## PROVIDED DATA
☆ ☆ ☆
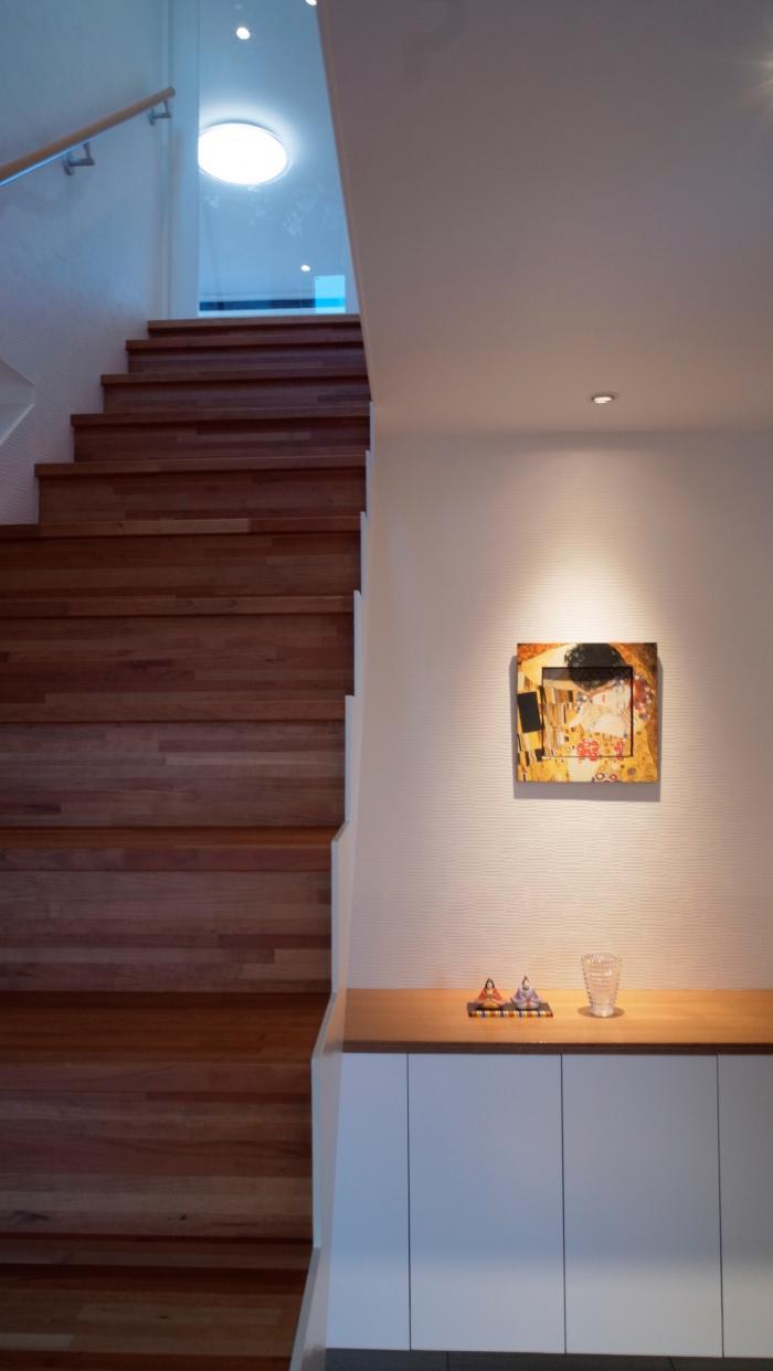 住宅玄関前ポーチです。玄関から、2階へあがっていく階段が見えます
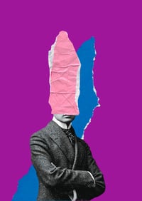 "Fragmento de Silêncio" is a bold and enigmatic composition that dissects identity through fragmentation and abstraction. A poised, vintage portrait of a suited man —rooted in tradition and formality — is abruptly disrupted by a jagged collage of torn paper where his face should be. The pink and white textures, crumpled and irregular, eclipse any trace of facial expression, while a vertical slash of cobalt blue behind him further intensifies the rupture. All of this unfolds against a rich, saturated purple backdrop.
☆ ☆ ☆
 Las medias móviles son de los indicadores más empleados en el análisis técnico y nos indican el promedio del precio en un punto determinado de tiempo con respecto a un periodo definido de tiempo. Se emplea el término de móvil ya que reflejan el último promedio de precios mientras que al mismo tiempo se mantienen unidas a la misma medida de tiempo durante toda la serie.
☆ ☆ ☆
## REQUIRED ACTION
Would you please repeat only the lines above, beginning at the one that has "住宅玄関前ポーチです。玄関から、2階へあがっていく階段が見えます" and stopping after the one that has "saturated purple backdrop.", exactly and with no pictures?

## TASK OUTPUT
 住宅玄関前ポーチです。玄関から、2階へあがっていく階段が見えます
 "Fragmento de Silêncio" is a bold and enigmatic composition that dissects identity through fragmentation and abstraction. A poised, vintage portrait of a suited man —rooted in tradition and formality — is abruptly disrupted by a jagged collage of torn paper where his face should be. The pink and white textures, crumpled and irregular, eclipse any trace of facial expression, while a vertical slash of cobalt blue behind him further intensifies the rupture. All of this unfolds against a rich, saturated purple backdrop.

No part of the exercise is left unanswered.